SOURCE DATA START

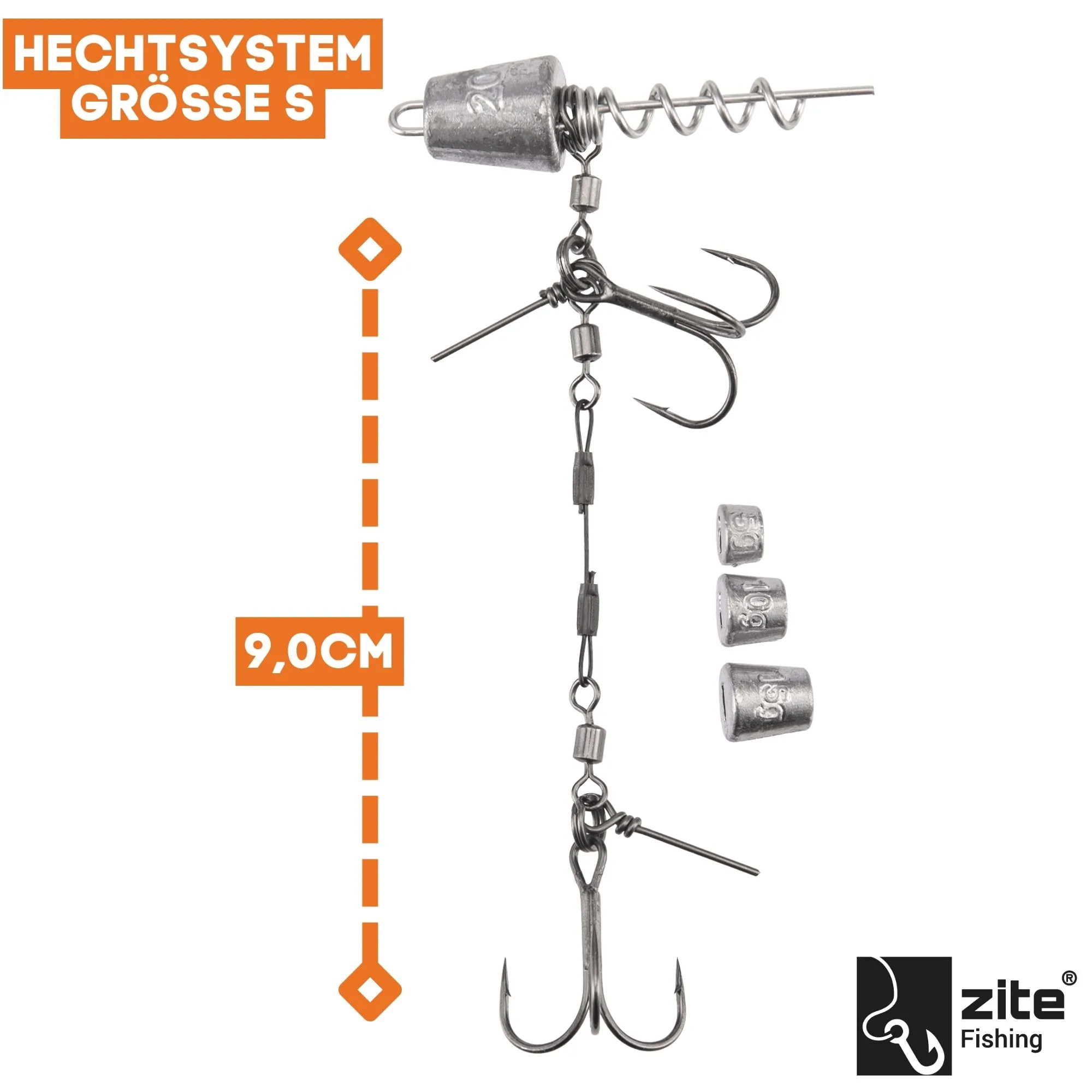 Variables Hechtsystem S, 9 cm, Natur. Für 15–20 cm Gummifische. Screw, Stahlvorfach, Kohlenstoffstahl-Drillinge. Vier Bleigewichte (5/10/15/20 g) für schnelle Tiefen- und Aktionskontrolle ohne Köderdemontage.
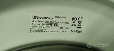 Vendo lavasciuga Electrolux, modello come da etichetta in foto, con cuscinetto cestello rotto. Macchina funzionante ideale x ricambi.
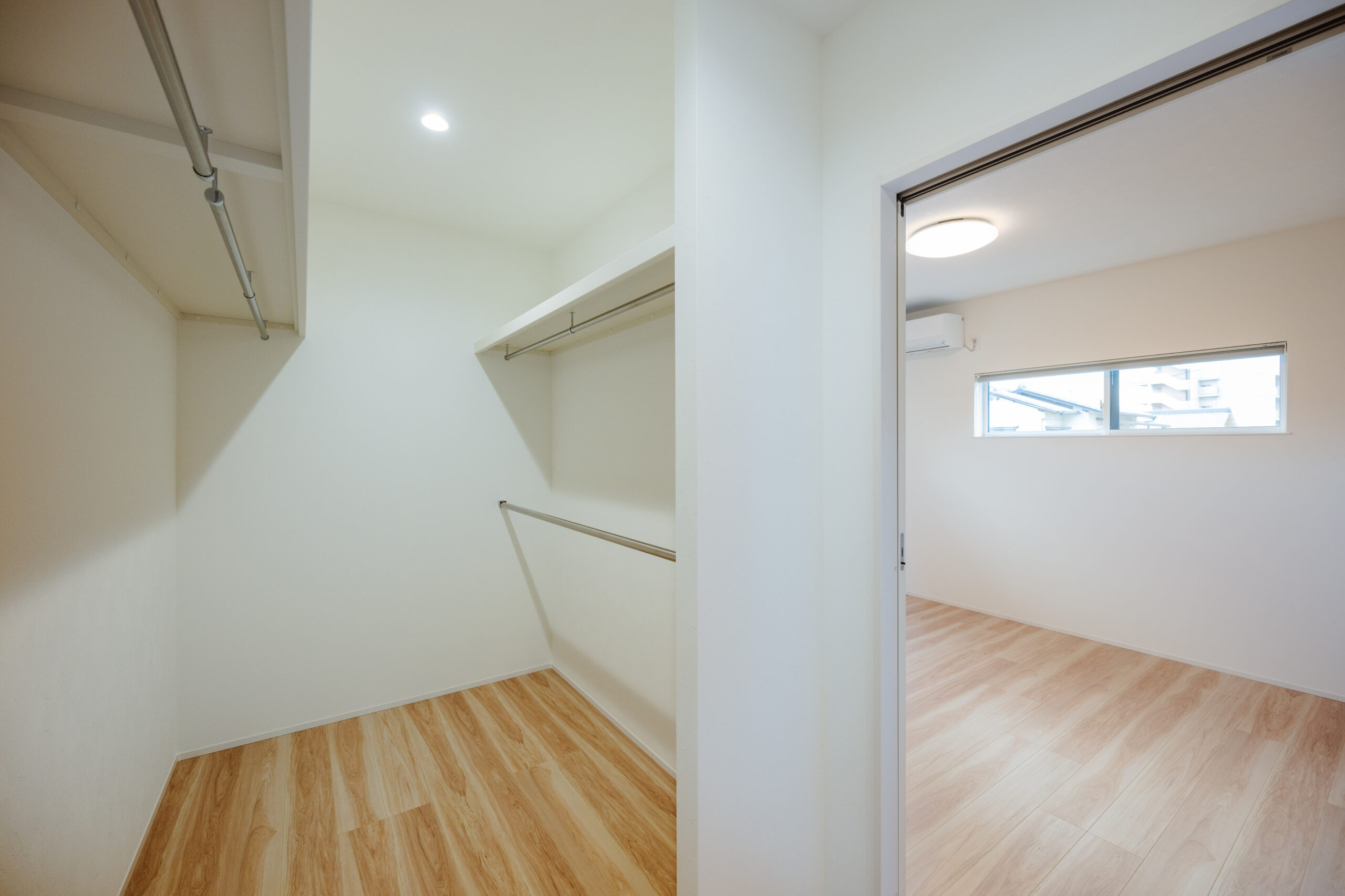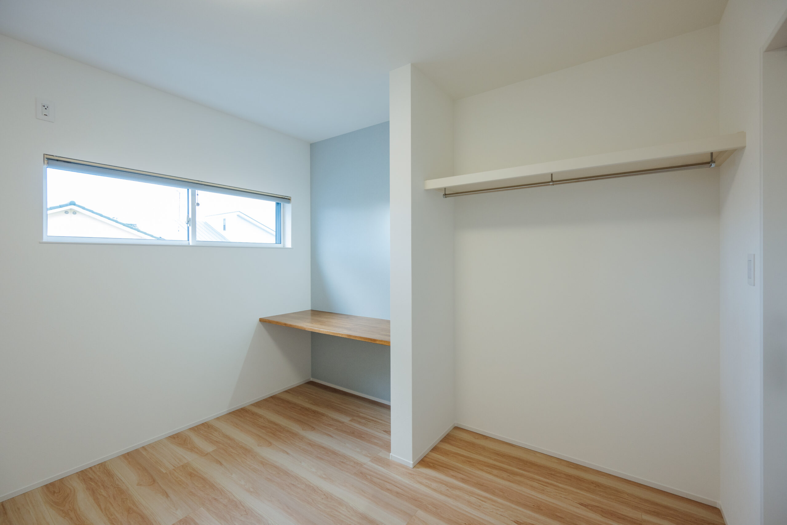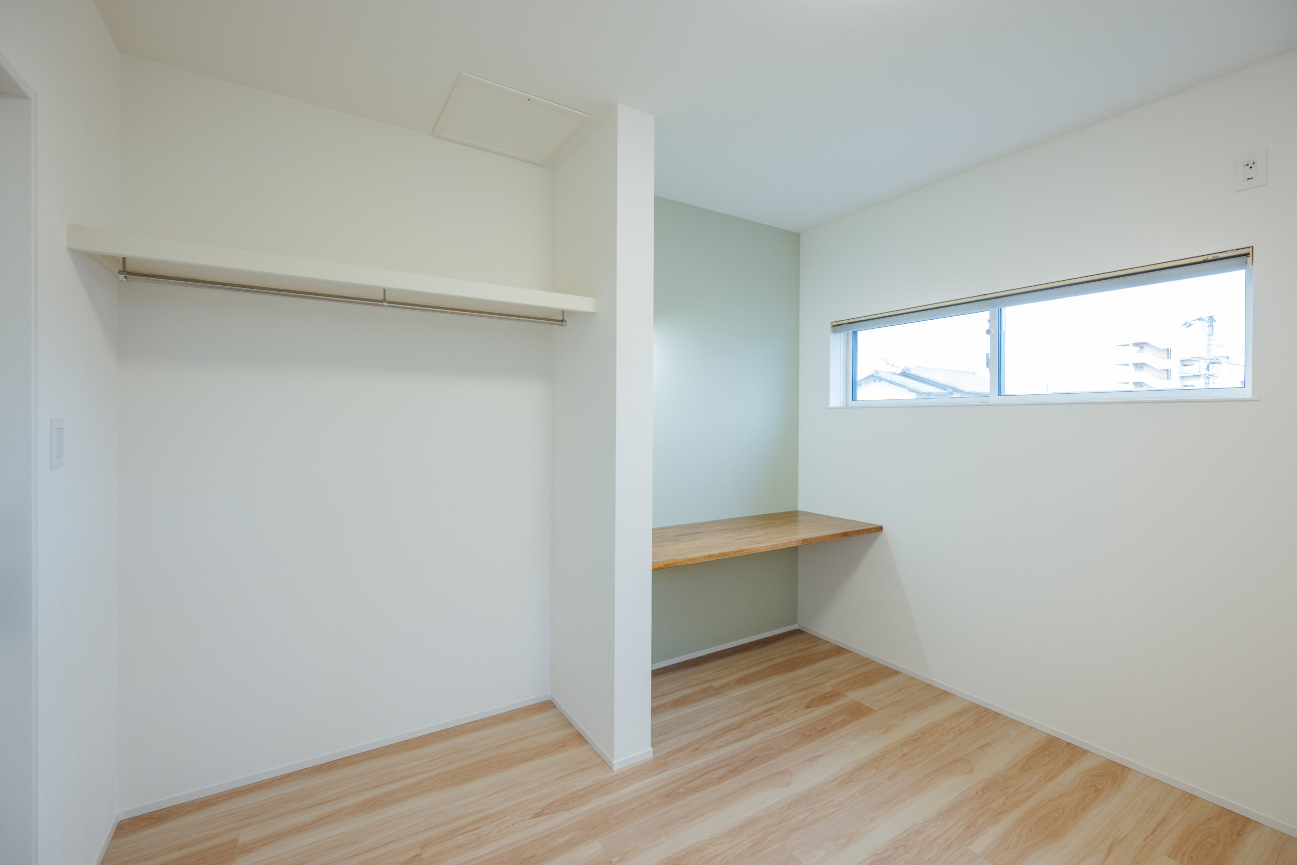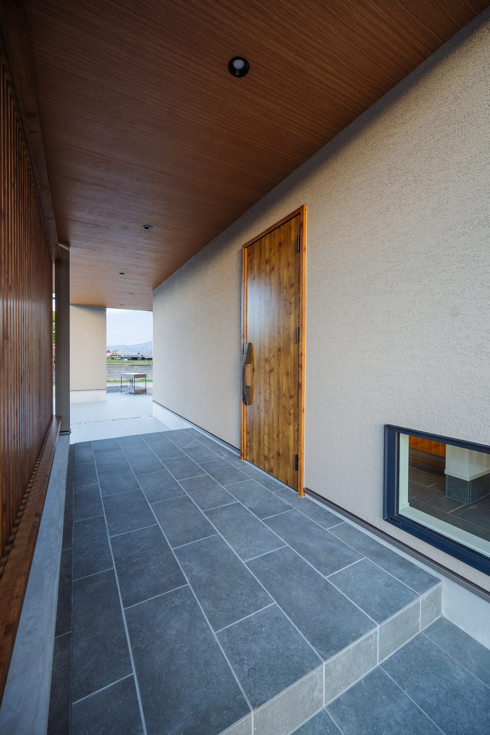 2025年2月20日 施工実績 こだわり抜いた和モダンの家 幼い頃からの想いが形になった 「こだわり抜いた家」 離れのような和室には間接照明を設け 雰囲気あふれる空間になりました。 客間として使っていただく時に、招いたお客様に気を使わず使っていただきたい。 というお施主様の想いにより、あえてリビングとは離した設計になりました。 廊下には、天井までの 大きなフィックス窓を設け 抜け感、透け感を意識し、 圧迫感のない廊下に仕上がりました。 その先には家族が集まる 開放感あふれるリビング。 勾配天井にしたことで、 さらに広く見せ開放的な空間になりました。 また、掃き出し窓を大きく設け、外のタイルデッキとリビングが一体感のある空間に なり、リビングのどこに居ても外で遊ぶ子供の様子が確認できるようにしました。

SOURCE DATA END

All that is needed is the exact run of lines from the start of the material above through the one containing "Vendo lavasciuga Electrolux, modello", pictures left out.

 Variables Hechtsystem S, 9 cm, Natur. Für 15–20 cm Gummifische. Screw, Stahlvorfach, Kohlenstoffstahl-Drillinge. Vier Bleigewichte (5/10/15/20 g) für schnelle Tiefen- und Aktionskontrolle ohne Köderdemontage.
 Vendo lavasciuga Electrolux, modello come da etichetta in foto, con cuscinetto cestello rotto. Macchina funzionante ideale x ricambi.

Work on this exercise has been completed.